その220 荷馬車の中身

 一日目の夜。

 荷馬車を中心に野営が始まる。

 剣鬼けんきオベイルはトイレに行く以外ずっと荷馬車にいる。

 あれが彼なりの護衛と気付くのに時間を要してしまったが、いかんせん働いているのは俺だけなのだ。

 グリーンワーム亜種を四匹倒した後、襲ってくるモンスターは全て俺が対処した。


「ミケラルド殿、食事だ。オベイル殿と交代でるといい」

「ありがとうございます」


 カッサカサのパンと、薄味の野菜スープ。

 金はあるのに不幸せとはこの事だろう。


「オベイルさん、先に召し上がります?」

「任せる」


 この全自動任せるおじさんの電源ボタンはどこにあるのだろうか。

 そう思うも、俺が出来る事は少ない。


「先にいただきます」


 野菜スープで不味いパンを流し込み、腹だけ満たした俺はオベイルと交代し、周囲を警戒していた。
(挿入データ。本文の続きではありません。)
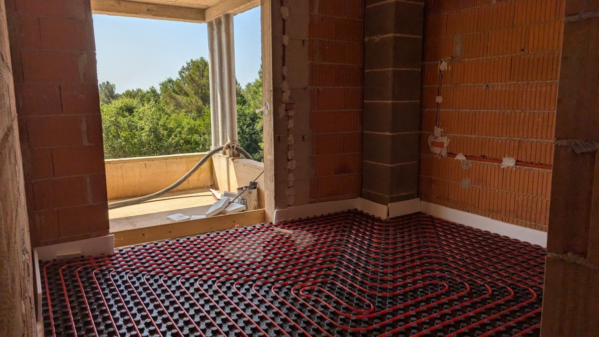 Das Haus besteht aus einem Eingangsflur, Badezimmer, Hauswirtschaftsraum, Schlafzimmer und einem geräumigen Wohnzimmer mit Essbereich und Küche mit Zugang zur Terrasse und zum Pool. Im ersten Stock befinden sich zwei Schlafzimmer mit eigenen Badezimmern und eine gemeinsame überdachte Terrasse. Die Heizung erfolgt über eine zentrale Fußbodenheizung mit Wärmepumpen, und zur Kühlung sind Klimaanlagen in jedem Zimmer und im Wohnzimmer vorgesehen.

その際、気になるのはやはり馬車。

 ストラッグが食事を届けているようだが、馬車の中から見えるのは光だけ。

 という事は……光魔法? 中の人……トイレはどうしているのだろうか。

 そう思っていると、馬車の中から一人の女が現れた。

 ひざまずくストラッグを横切り、まずは背の高い老齢の女が出てきた。

 あれは……神官服? 大層なローブを羽織ったその女は、只者ではない様相、雰囲気を漂わせていた。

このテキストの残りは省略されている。